Jamaican Jerked Drums
About fifteen years ago R. B. thought his next-door neighbor, who was out grilling some chicken, called him a jerk. Back then, R. B. hadn’t heard of jerk seasoning, and his neighbor seemed like a nice, quiet fellow who pretty much kept to himself. When R. B. turned down the Bob Marley, everything got straightened out, and the chicken was delicious. A jerk dry rub requires allspice, thyme, and some heat. The Scotch bonnet pepper is the traditional choice, but that’s too many Scoville heat units for us.
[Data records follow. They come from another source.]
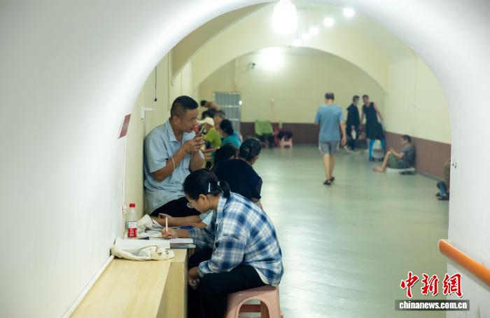 8月5日,市民在武昌蛇山人防工程纳凉点内纳凉。中新社记者 张畅 摄
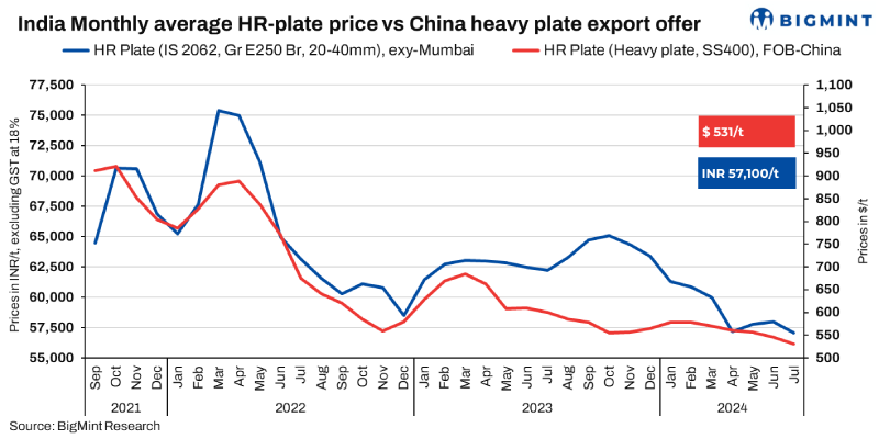 The monthly average trade-level prices of hot-rolled (HR) plates (E250 Br, 20-40mm) in the Mumbai region have dropped to 4-month low levels close to that in December 2023. The monthly average prices of HR plates (E250 Br, 20-40mm) stood around INR 57,100/t exy-Mumbai levels in July 2024 declining by INR 850/t ($10/t) m-o-m.
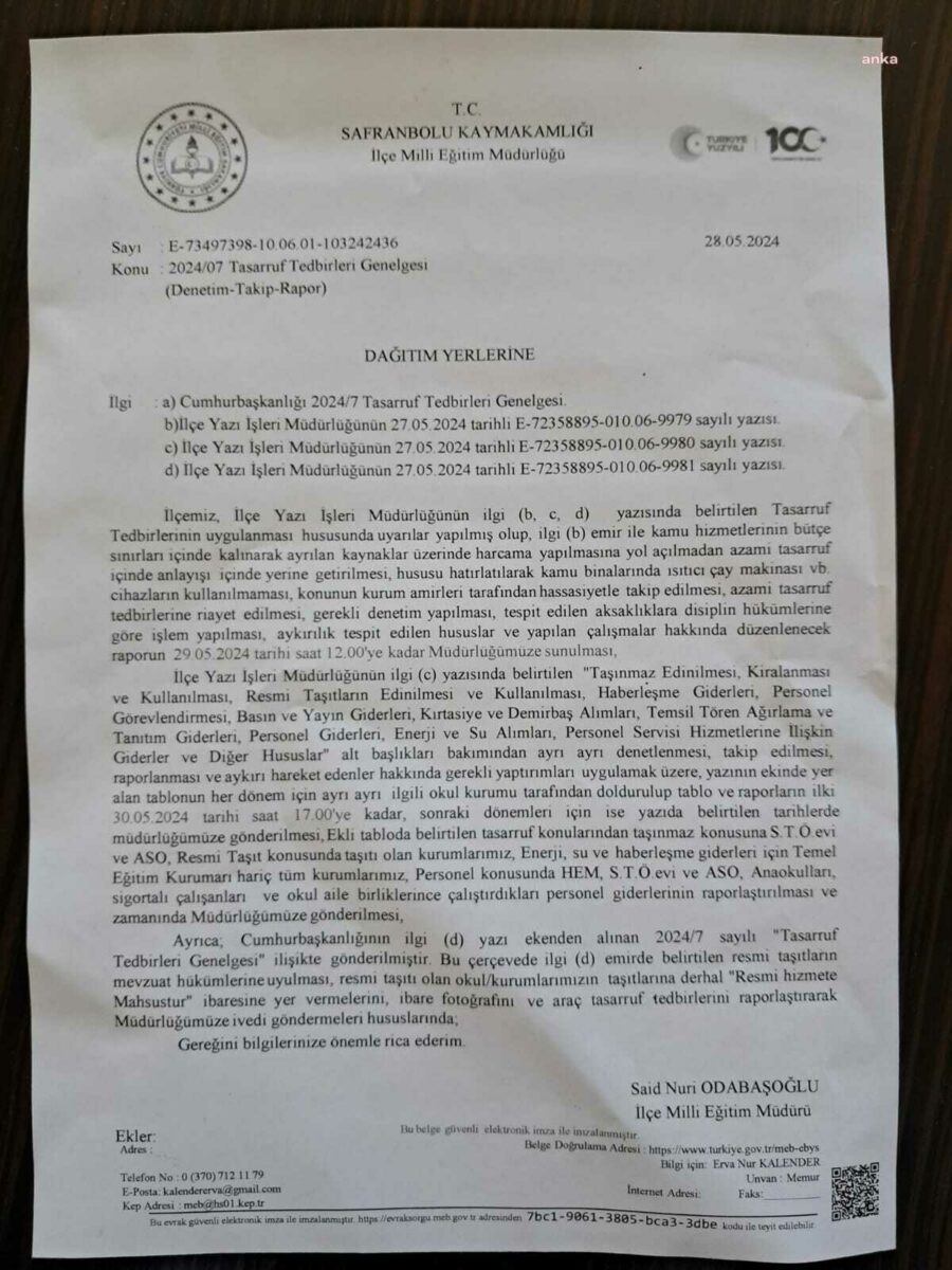 Safranbolu İlçe Milli Eğitim Müdürlüğü, okullara Kamuda Tasarruf Paketi kapsamında alınacak tedbirleri içeren bir yazı gönderdi. Müdürlükten gönderilen yazıda, kamu binalarında su ısıtıcısı ve çay makinesi gibi cihazların kullanılmaması, konunun kurum amirleri tarafından hassasiyetle takip edilmesi, azami tasarruf tedbirlerine riayet edilmesi ve gerekli denetimlerin yapılması istendi.
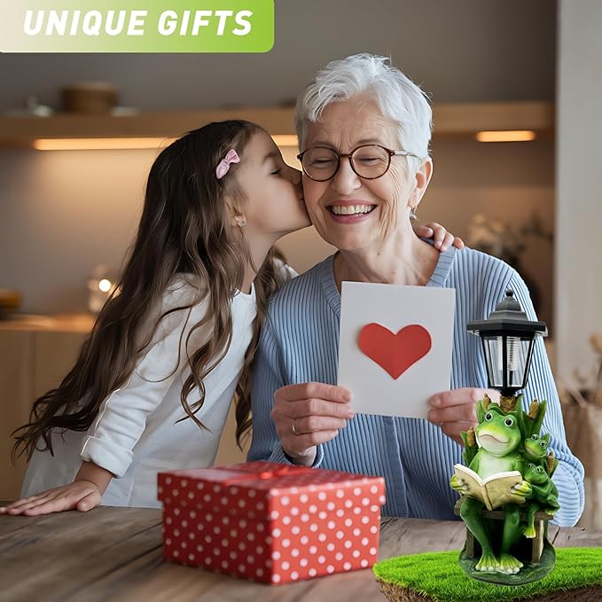 - 【POPULAR & IDEAL GIFTS】 This outdoor frog figurine is an ideal gift for housewarming parties, birthdays, Mother’s Day, or any special occasion. Its unique design and functional solar lighting make it a heartfelt and practical present for women, moms, or anyone who loves animals and garden decor
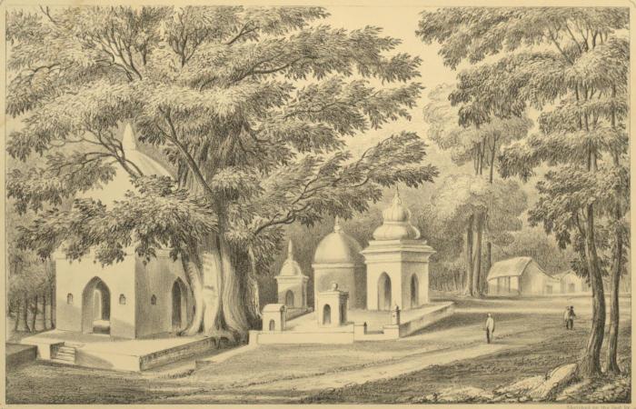 In Alopee Bagh, in the centre of a large plantation of mango-trees, is a small temple dedicated to Bhawānī; there is no image in it, merely a raised altar, on which victims were, I suppose, formerly sacrificed. Each of the small buildings on the right contains the ashes of a suttee; there are seven suttee-graves of masonry on this, and six of earth on the other side, near the temple, in the mango tope. The largest suttee-tomb contains the ashes of a woman who was burnt in 1825, i.e.six years ago. The ashes are always buried near a temple sacred to Bhāwanī, and never by any other. Families too poor to raise a tomb of masonry in memory of the burntsacrifice, are contented to raise a mound of earth, and place a kulsa of red earthenware to mark the spot. In the sketch of “The
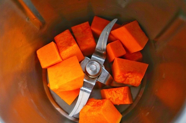 - Bước 3: Bí đỏ gọt vỏ, rửa sạch, thái khối. Tiếp đến, cho bí đỏ cùng 400ml nước lọc vào xay nhỏ.
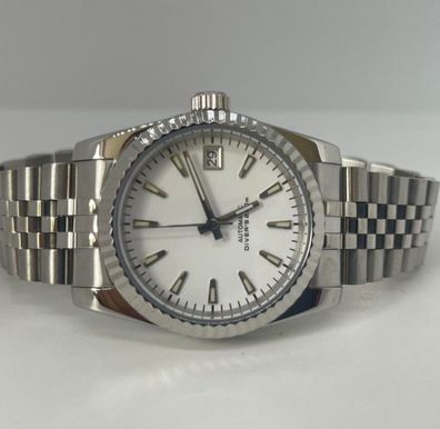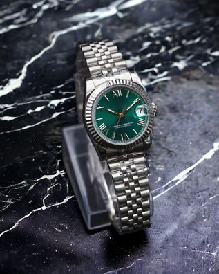 Diese hochwertige Automatik-Armbanduhr im klassischen Datejust-Design verbindet robuste Materialien mit einem zuverlässigen japanischen Automatikwerk . Das präzise Uhrwerk, das kratzfeste Saphirglas und das massive Edelstahlgehäuse machen diese Uhr zu einem idealen Begleiter für Alltag, Reisen und B
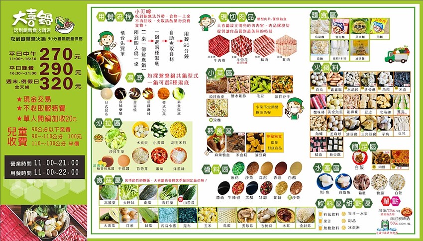 大喜鍋吃到飽鴛鴦火鍋用餐流程→櫃台先買單→2-4人為一桌→一鍋選兩種湯底→自助夾取食材→用餐90分鐘。
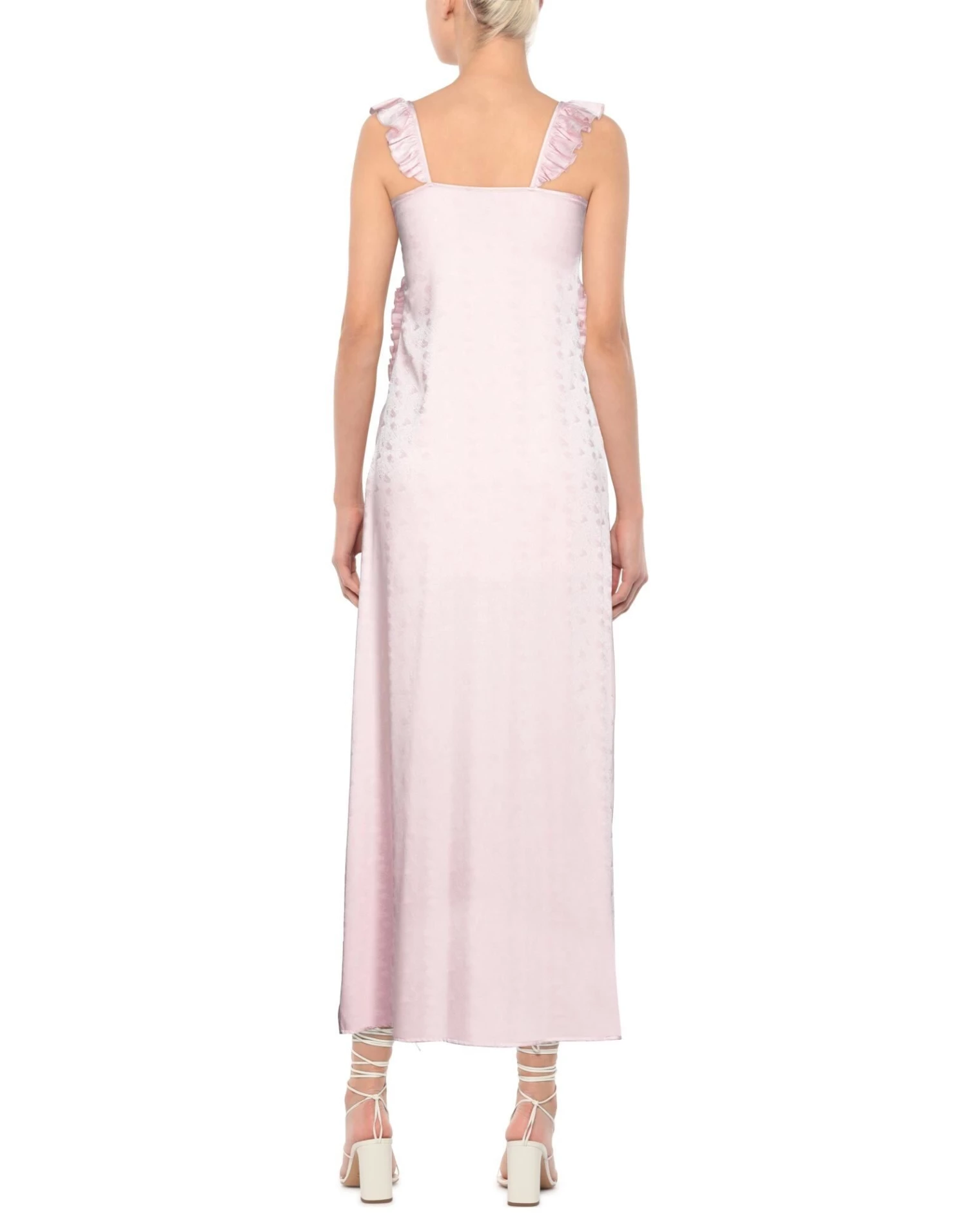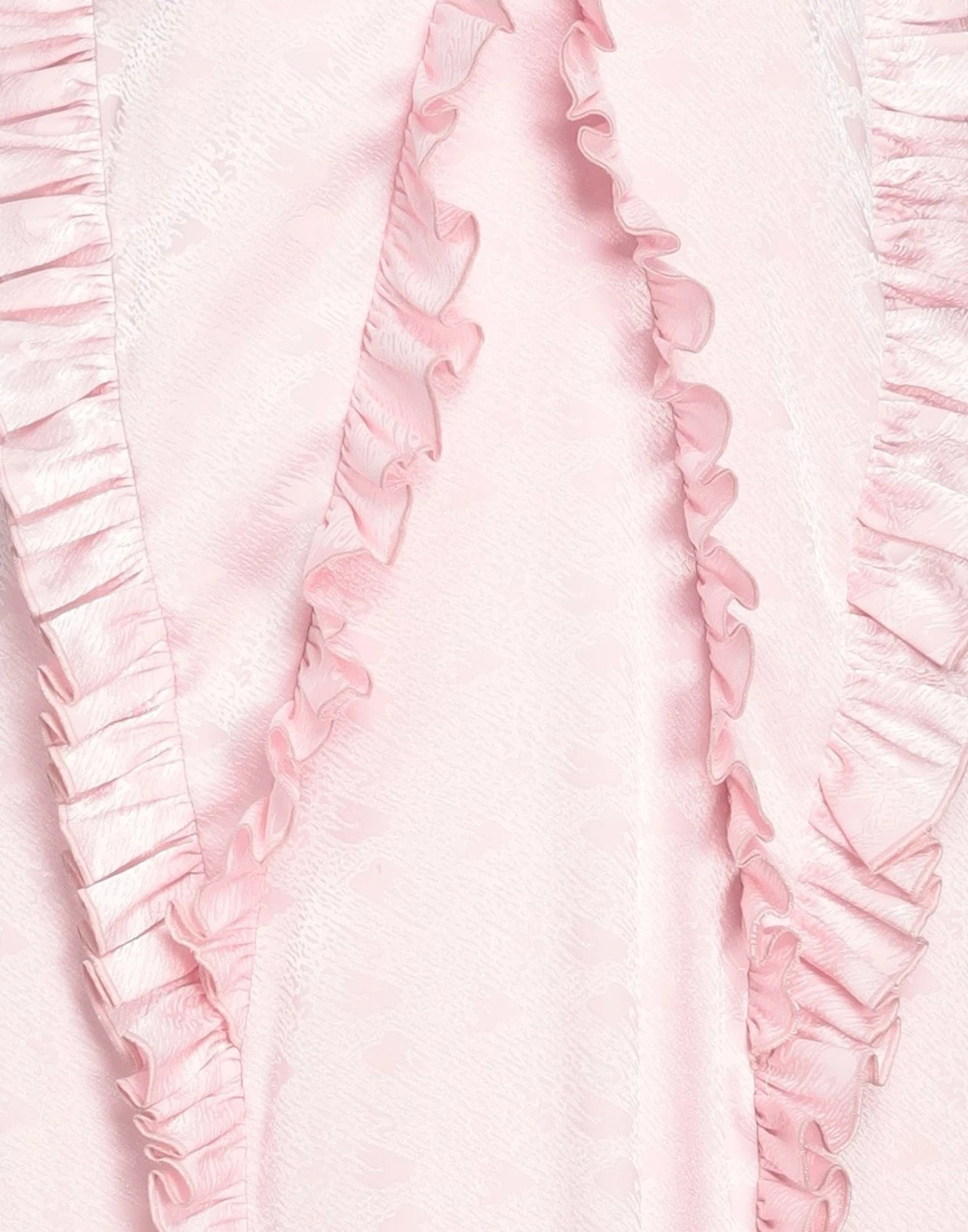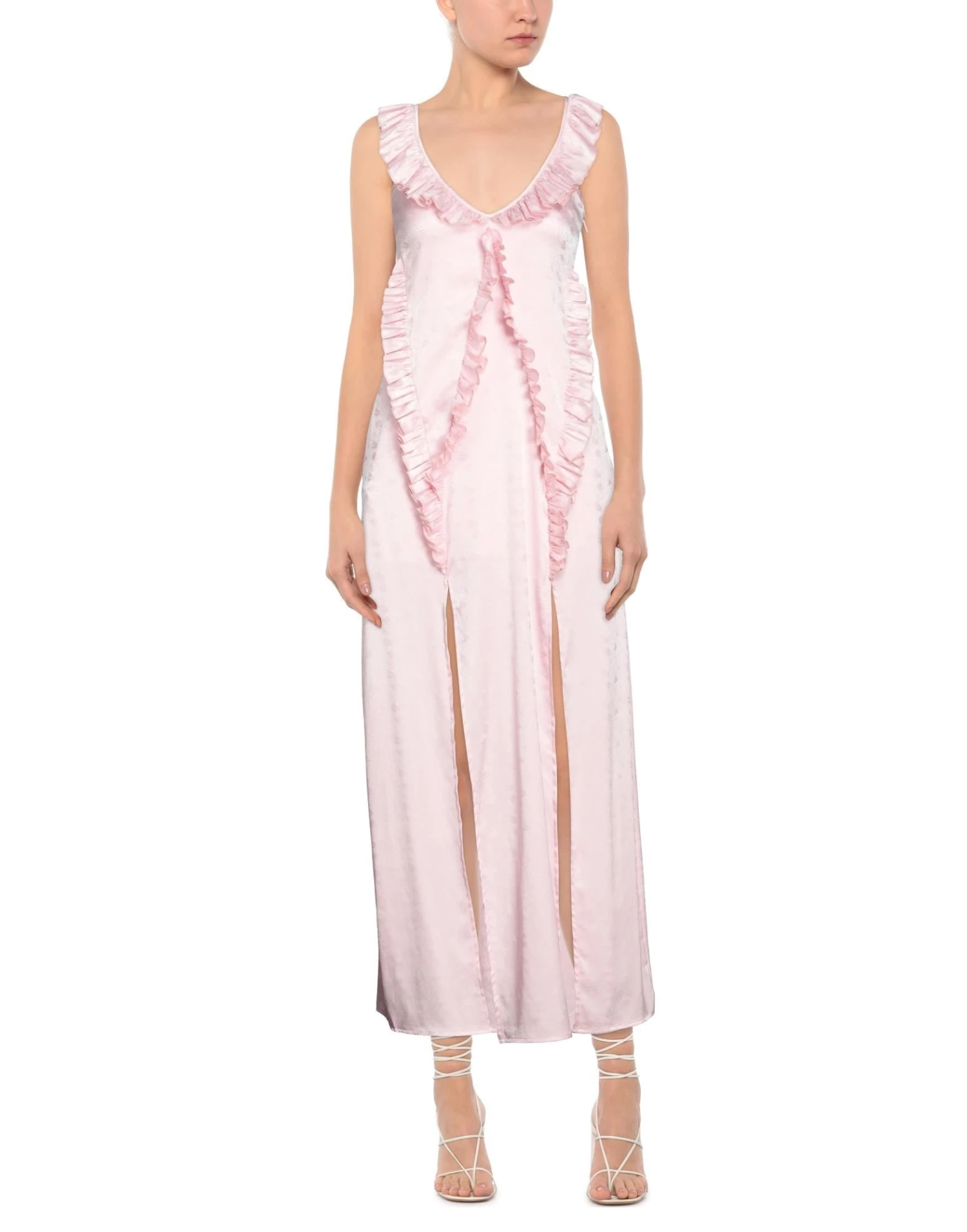 jacquard, satin, ruffles, solid color, v-neck, sleeveless, zipper closure, no pockets, partially lined interior, stretch, pencil style
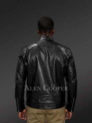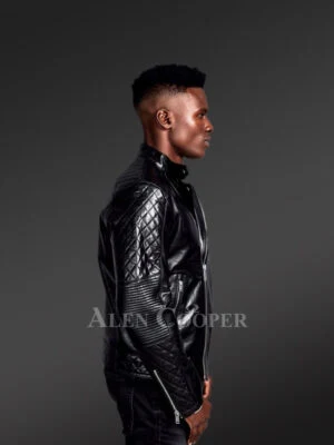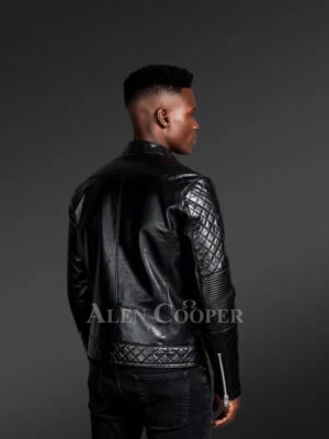 Mens Black Leather Biker Jacket with Quilted Details – Perfect Fusion of Fashion& Function
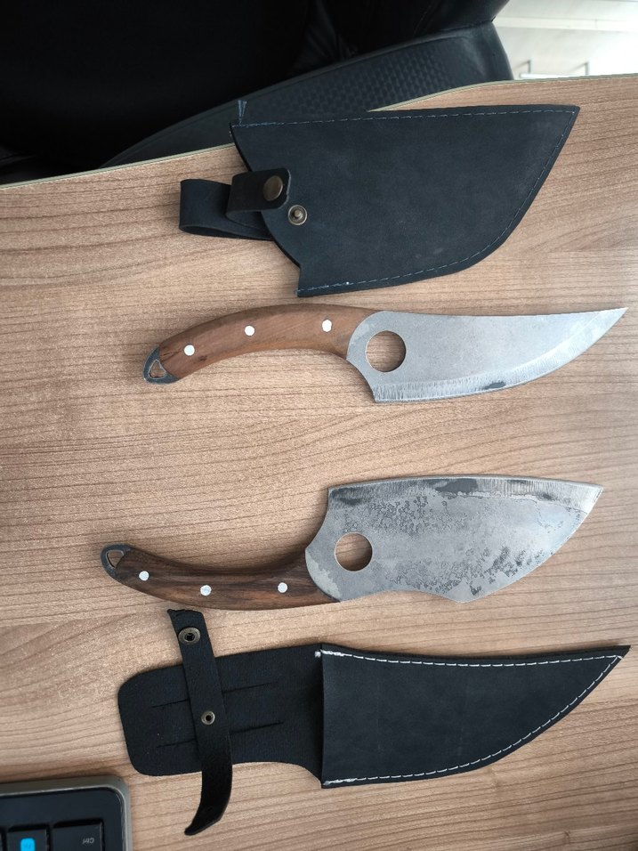 Ahşap saplı ve paslanmaz çelik bıçaklardan oluşan set, koyu renk kılıflarla güvenli saklama sağlar.
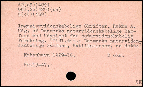 Ingeniørvidenskabelige Skrifter. Række A. Udg. af Danmarks naturvidenskabelige Samfund ved Udvalget for naturvidenskabelig forskning. [Tidl.tit.: Danmarks naturvidenskabelige Samfund, Publikationer, se dette]
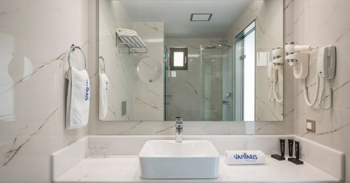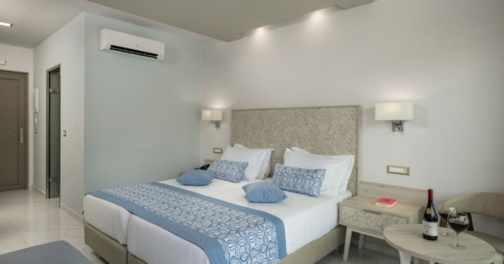 Situat în zona Kavros, Hotelul Vantaris Blue este o creație din 2019 a familiei Vantaris, concepută pentru a oferi călătorilor o experiență autentică și revitalizantă. Complexul Vantaris Blue este alcătuit din patru clădiri distincte, fiecare dispunând de 14 camere, pentru a oferi o atmosferă intimă și relaxantă. Acest loc deosebit pune accentul pe bunăstarea fiecărui oaspete, îmbinând cu grijă luxul discret, confortul excepțional și serviciile personalizate într-un mediu cu atenție la detalii.Facilități camere
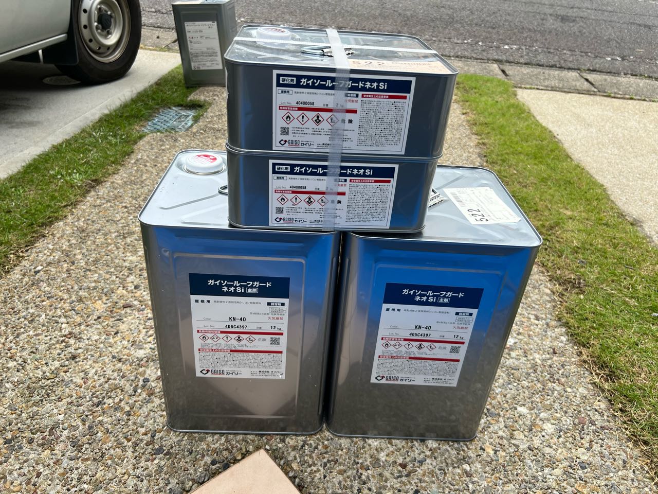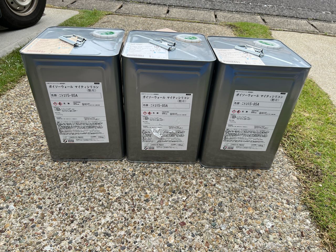 | 使用商材・建材 | 外壁①GAISO「ガイソーウォールマイティシリコン」:15-85A 外壁②GAISO「ガイソーウォールマイティシリコン」:15-40B 屋根ガイソー「 GRガードネオSI」:N-40 |

We keep the heat out of the rub, then sprinkle on cayenne to customize the chicken to suit everyone.
Recipe information
Yield
makes 6 to 8 servings
Ingredients
Preparation
Step 1
HEAT the oven to 450°F.
Step 2
PLACE the drumsticks on a large rimmed baking sheet. Drizzle with the oil, coating the skin until it’s shiny. Sprinkle all sides of the drumsticks with 3 tablespoons of the dry rub. Roast for 20 minutes.
Step 3
REMOVE the drumsticks from the oven and turn them over with tongs. Sprinkle with the remaining tablespoon of dry rub and cayenne to taste for spicier drums.
Step 4
ROAST for an additional 20 minutes. Serve with fresh lime wedges.